> **What the task requires**: Write out nothing except the lines of the entries below, from the first through the one containing "Säljer en superfin", exactly and without pictures.

> **Information supplied**:
--------------------------------------------------
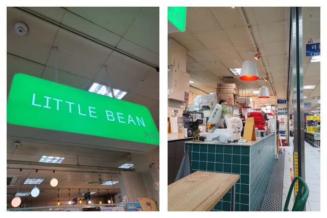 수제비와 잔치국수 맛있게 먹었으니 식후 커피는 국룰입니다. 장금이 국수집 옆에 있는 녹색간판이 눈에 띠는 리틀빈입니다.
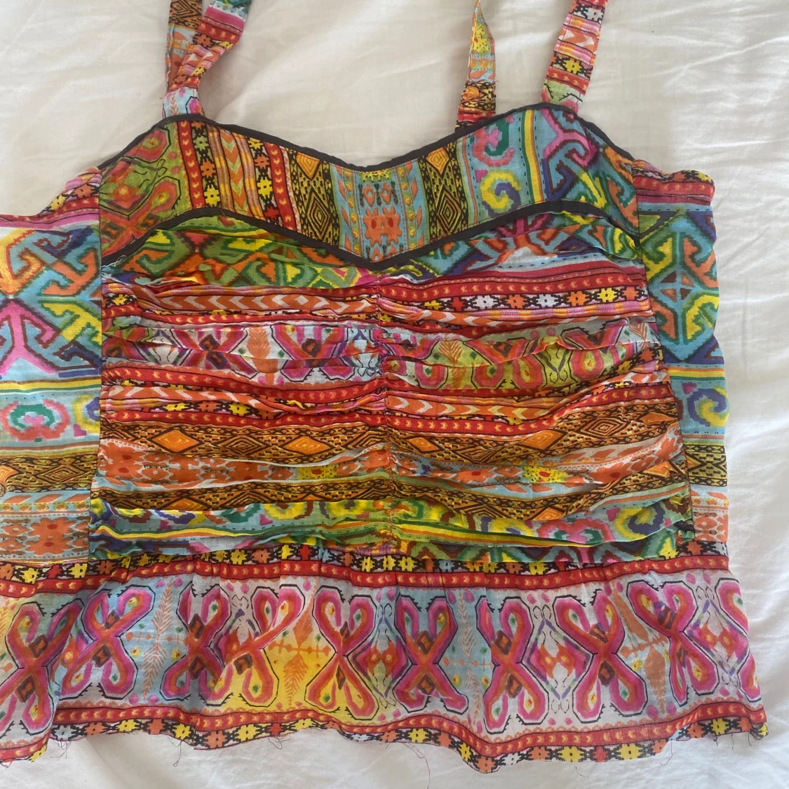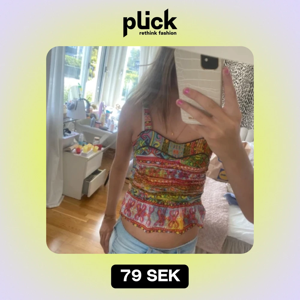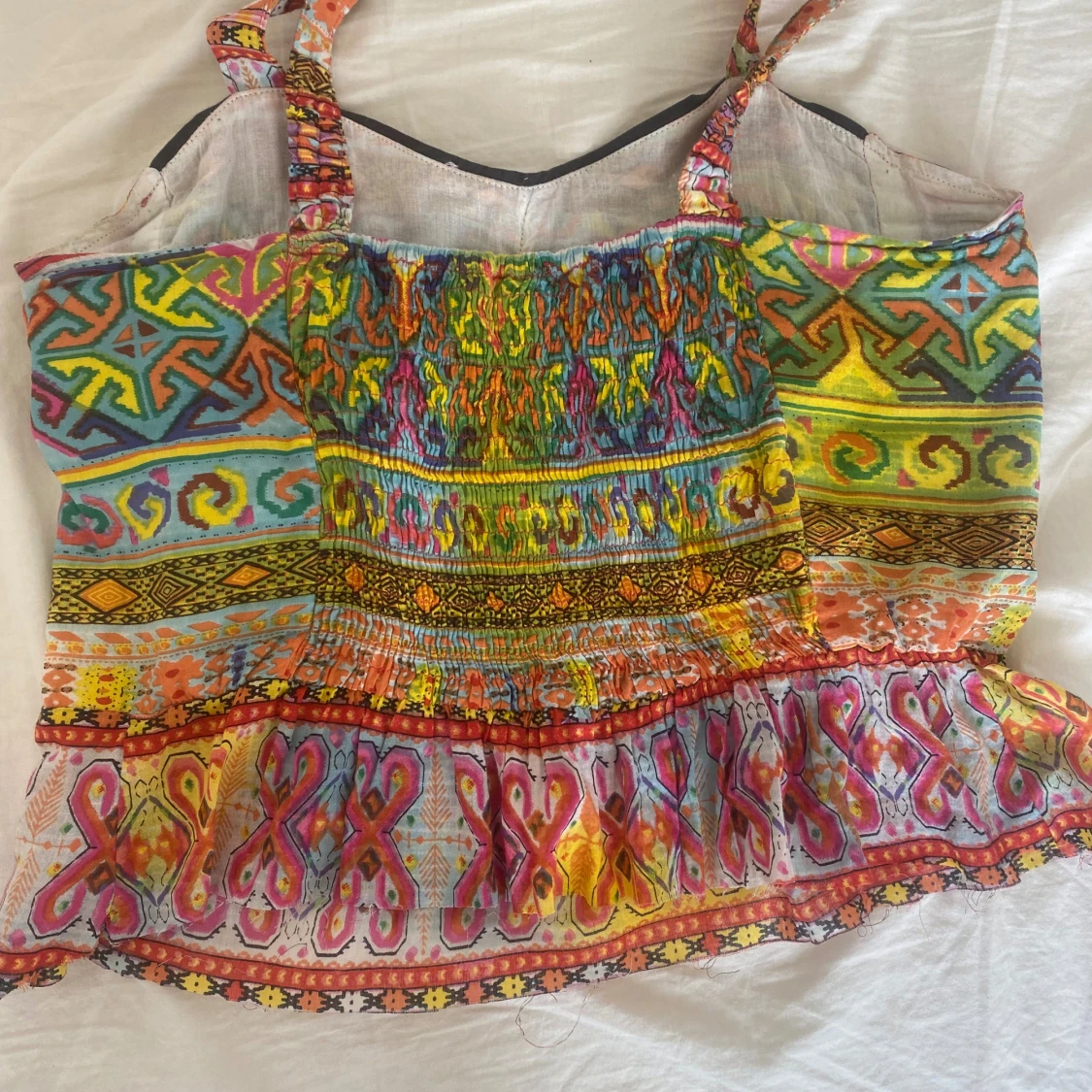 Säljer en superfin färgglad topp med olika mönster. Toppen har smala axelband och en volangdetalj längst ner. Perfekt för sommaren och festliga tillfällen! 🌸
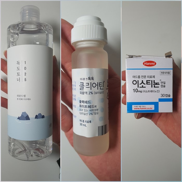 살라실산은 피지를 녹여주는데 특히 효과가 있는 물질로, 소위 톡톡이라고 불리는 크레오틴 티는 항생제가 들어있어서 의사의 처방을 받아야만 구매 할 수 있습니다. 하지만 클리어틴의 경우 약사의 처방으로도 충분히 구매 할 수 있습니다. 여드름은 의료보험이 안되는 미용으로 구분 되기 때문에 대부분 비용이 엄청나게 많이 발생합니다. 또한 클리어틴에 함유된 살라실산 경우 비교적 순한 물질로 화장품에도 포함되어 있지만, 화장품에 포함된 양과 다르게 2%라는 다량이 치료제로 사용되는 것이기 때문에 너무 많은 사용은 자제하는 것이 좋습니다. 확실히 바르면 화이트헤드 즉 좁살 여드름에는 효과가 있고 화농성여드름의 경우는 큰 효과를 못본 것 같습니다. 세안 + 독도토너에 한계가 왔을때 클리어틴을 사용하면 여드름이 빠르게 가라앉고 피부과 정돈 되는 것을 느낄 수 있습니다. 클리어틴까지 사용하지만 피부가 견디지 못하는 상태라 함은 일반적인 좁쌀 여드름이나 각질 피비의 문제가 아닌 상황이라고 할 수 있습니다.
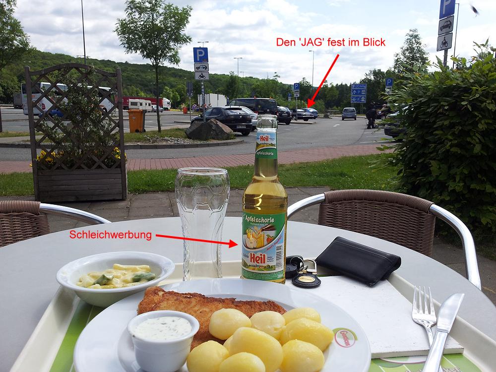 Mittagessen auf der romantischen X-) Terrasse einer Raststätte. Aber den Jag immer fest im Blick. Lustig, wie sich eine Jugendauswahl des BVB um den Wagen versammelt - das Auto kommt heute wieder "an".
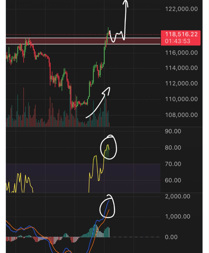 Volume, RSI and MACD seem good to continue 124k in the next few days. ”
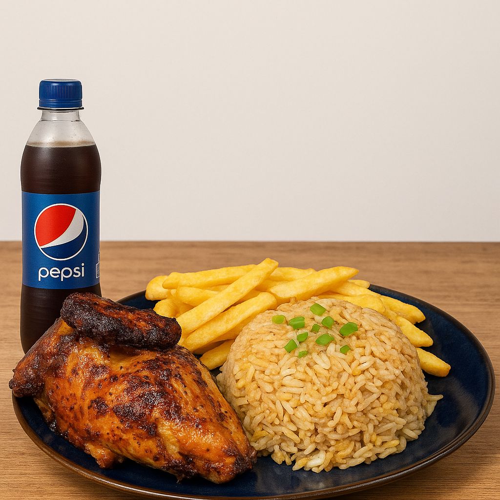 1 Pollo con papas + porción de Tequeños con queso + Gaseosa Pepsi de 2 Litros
--------------------------------------------------
> **Solution to this exercise**:
 수제비와 잔치국수 맛있게 먹었으니 식후 커피는 국룰입니다. 장금이 국수집 옆에 있는 녹색간판이 눈에 띠는 리틀빈입니다.
 Säljer en superfin färgglad topp med olika mönster. Toppen har smala axelband och en volangdetalj längst ner. Perfekt för sommaren och festliga tillfällen! 🌸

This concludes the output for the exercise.